27 November 2009

Rising Numbers Requesting Food Aid

Wall Street Journal



The U.S. Agriculture Department said Monday the number of households that reported struggling to buy enough food in 2008 jumped 31% over the previous year.

According to the USDA's annual poll, 17 million U.S. households reported some degree of food insecurity in 2008, up from 13 million households in 2007.

"It is time for America to get very serious about food security and hunger," said Agriculture Secretary Tom Vilsack, who is pressing Congress to expand such programs as food stamps and free school lunches that consume roughly 70% of his department's budget.

Comparable numbers for 2009 aren't available yet. Officials with organizations involved in feeding the hungry say the survey results square with growing demand at food pantries: the number of people seeking help this summer is up an average of 30% from the summer of 2008, according to a recent survey of food banks by Feeding America, a food-bank network.

The 2008 survey results suggest that almost 15% of U.S. households had trouble putting enough food on their tables, up from 11% in 2007; the proportion is the highest detected by the survey since it began in 1995. Put another way, about 49 million people, including about 17 million children, worried last year about getting enough to eat.

Maura Daly, vice president of government relations for Feeding America, said 90% of food banks in the recent survey reported that, according to anecdotal evidence, unemployment is the leading factor for the increased demand.

U.S. consumers in 2008 also saw a sudden acceleration in the cost of food. While the food inflation rate has stalled this year, some economists are worried that the move by many recession-weary farmers to cut production might ignite grocery prices again next year.
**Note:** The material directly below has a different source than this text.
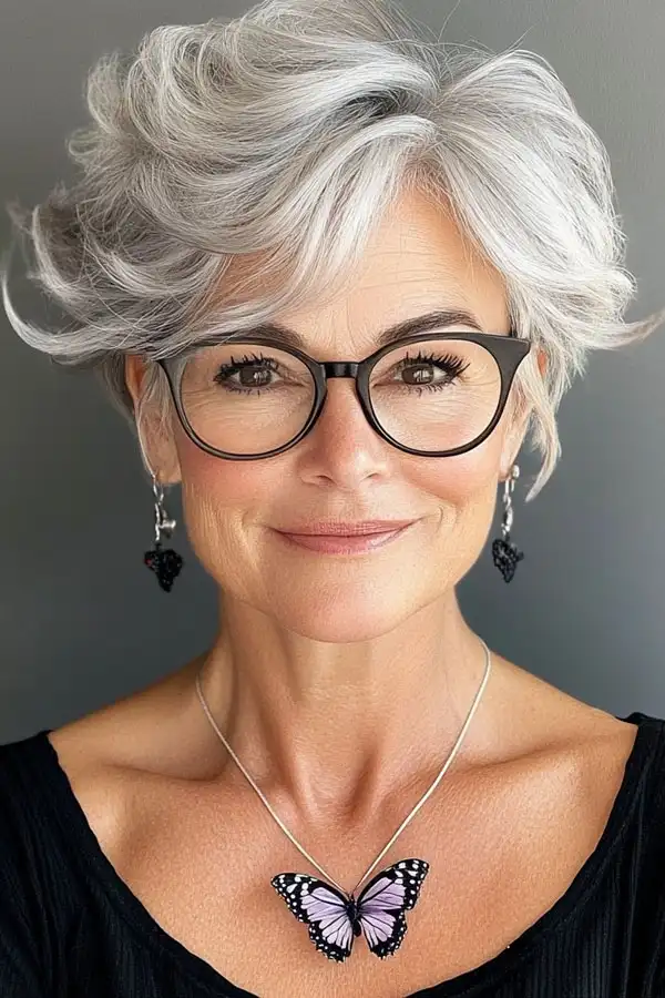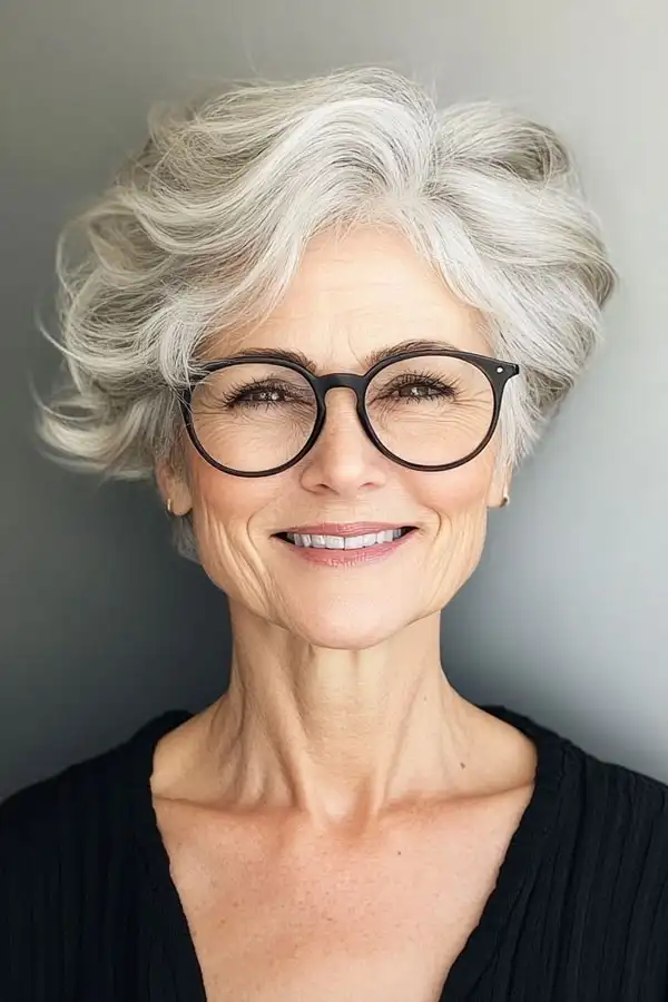 This elegant silver pixie cut is both stylish and sophisticated. The soft waves add volume and movement, making it a flattering choice for women over 60. Paired with chic black-framed glasses, this look is perfect for adding a modern touch to your appearance while embracing your natural gray hair.

The global recession is helping swell the number of hungry people around the world to the highest levels since the early 1970s.
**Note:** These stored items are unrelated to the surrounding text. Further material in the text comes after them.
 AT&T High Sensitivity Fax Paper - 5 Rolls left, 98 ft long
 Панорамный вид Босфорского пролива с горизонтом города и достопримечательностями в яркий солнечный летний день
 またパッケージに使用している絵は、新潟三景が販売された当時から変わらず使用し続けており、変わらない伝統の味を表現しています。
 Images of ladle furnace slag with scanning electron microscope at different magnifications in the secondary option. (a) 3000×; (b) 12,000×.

But the way USDA economists measure food worries in the U.S. is far more liberal than their gauge for other nations, where people are labeled food insecure only if they consume fewer than 2,100 calories a day. Few of the U.S. households labeled as food insecure by the USDA have it that tough.
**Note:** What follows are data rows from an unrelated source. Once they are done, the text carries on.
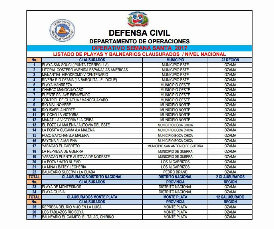 Brand, está clausurado el balneario Suberví y en el Distrito Nacional está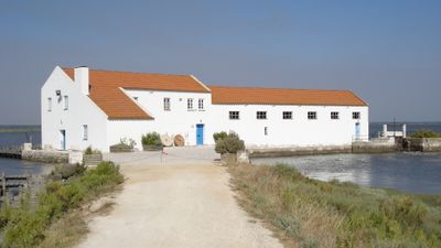 The Mourisca tide mill contains eight grindstones and operates using the natural power of tidal flows from the Sado River estuary system.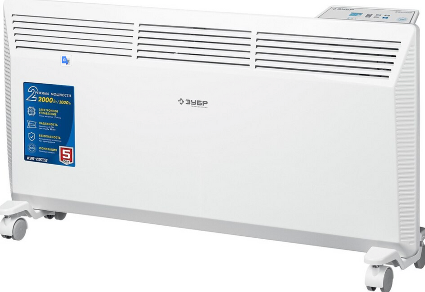 Это электрический конвектор на 2000 Вт, рассчитанный на комнаты примерно до 25 м². Такой мощности хватает, чтобы помещение прогревалось уверенно и без долгих ожиданий.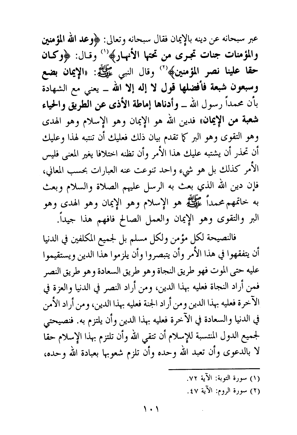 فالنصيحة لكل مؤمن ولكل مسلم بل لجميع المكلفين في الدنيا أن يتفقهوا في هذا الأمر وأن يتبصروا وأن يلزموا هذا الدين ويستقيموا عليه حتى الموت فهو طريق النجاة وهو طريق السعادة وهو طريق النصر فمن أراد النجاة فعليه بهذا الدين، ومن أراد النصر في الدنيا والعزة في الآخرة فعليه بهذا الدين ومن أراد الجنة فعليه بهذا الدين، ومن أراد الأمن في الدنيا والسعادة في الآخرة فعليه بهذا الدين وأن يلتزم به. فنصيحتي لجميع الدول المنتسبة للإسلام أن تتقي الله وأن تلتزم بهذا الإسلام حقا لا بالدعوى وأن تعبد الله وحده وأن تلزم شعوبها بعبادة الله وحده،

Instead, the USDA's domestic survey tries to quantify the number of households that have difficulty providing enough food at some time during the year. Many of these families are able to avoid hunger by participating in such federal nutrition programs as food stamps, or by having their children participate in a free school-lunch program.

Still, the USDA survey indicates that someone in about one-third of food-insecure households experienced some hunger or came very close to it in 2008. In these households with very low food security, food consumption fell and normal eating patterns were disrupted.

According to the survey, 6.7 million U.S. households had very low food security in 2008, up 43% from 4.7 million households in 2007.